◆ **Record set**
● ● ● ● ● ● ●

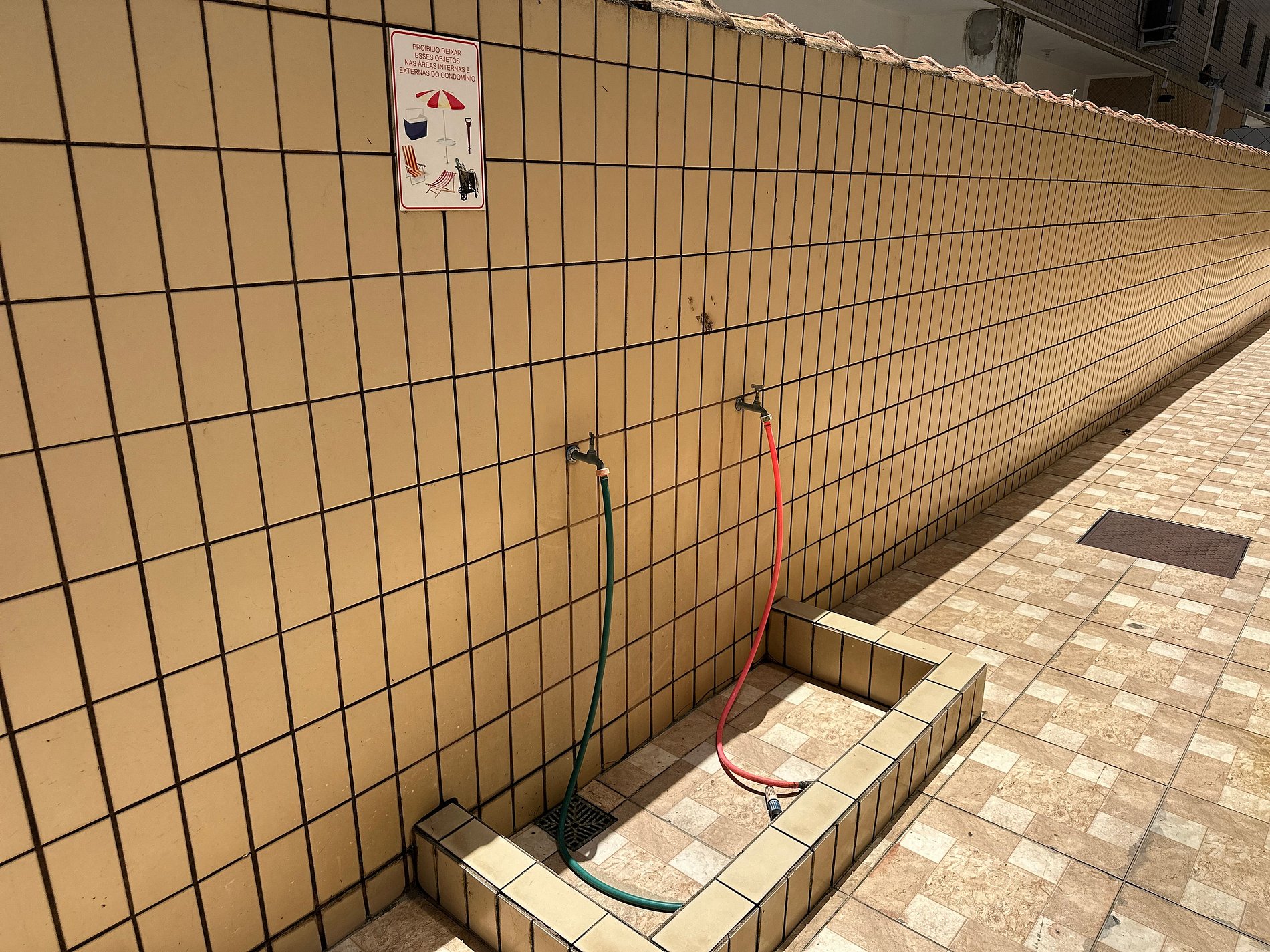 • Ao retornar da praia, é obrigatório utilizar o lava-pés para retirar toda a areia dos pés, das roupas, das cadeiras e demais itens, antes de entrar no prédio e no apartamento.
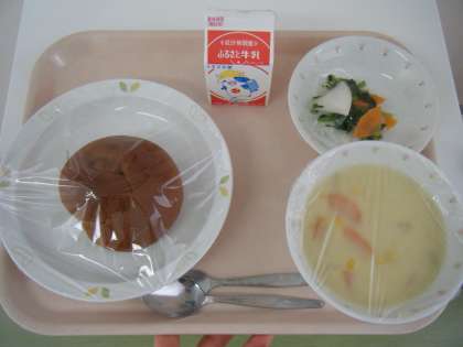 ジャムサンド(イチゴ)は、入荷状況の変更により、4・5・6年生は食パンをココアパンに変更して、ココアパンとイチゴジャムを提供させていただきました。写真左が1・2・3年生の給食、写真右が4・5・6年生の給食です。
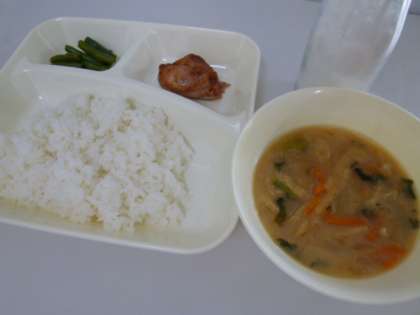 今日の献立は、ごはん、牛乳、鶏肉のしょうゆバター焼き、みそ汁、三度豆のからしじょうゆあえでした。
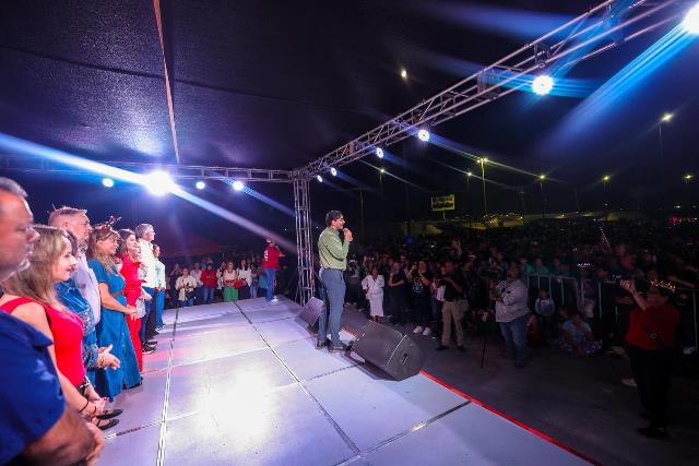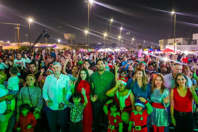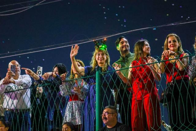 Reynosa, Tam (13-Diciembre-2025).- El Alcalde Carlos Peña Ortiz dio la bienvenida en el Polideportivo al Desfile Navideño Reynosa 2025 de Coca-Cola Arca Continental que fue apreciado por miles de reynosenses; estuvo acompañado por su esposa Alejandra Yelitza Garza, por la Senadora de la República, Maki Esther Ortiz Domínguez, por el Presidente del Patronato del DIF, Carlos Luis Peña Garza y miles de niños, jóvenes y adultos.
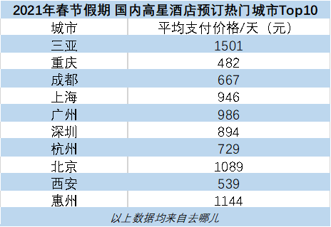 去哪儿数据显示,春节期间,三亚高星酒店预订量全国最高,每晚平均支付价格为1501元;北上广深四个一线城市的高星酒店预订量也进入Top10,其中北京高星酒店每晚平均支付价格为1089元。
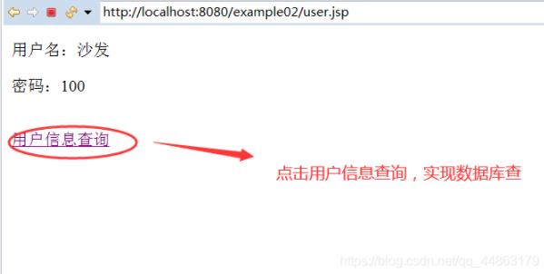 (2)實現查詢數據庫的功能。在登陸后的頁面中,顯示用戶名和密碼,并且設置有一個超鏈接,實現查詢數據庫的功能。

● ● ● ● ● ● ●

Output exactly the lines from the one that has "去哪儿数据显示,春节期间,三" through the end of the data. Do not include pictures.

 去哪儿数据显示,春节期间,三亚高星酒店预订量全国最高,每晚平均支付价格为1501元;北上广深四个一线城市的高星酒店预订量也进入Top10,其中北京高星酒店每晚平均支付价格为1089元。
 (2)實現查詢數據庫的功能。在登陸后的頁面中,顯示用戶名和密碼,并且設置有一個超鏈接,實現查詢數據庫的功能。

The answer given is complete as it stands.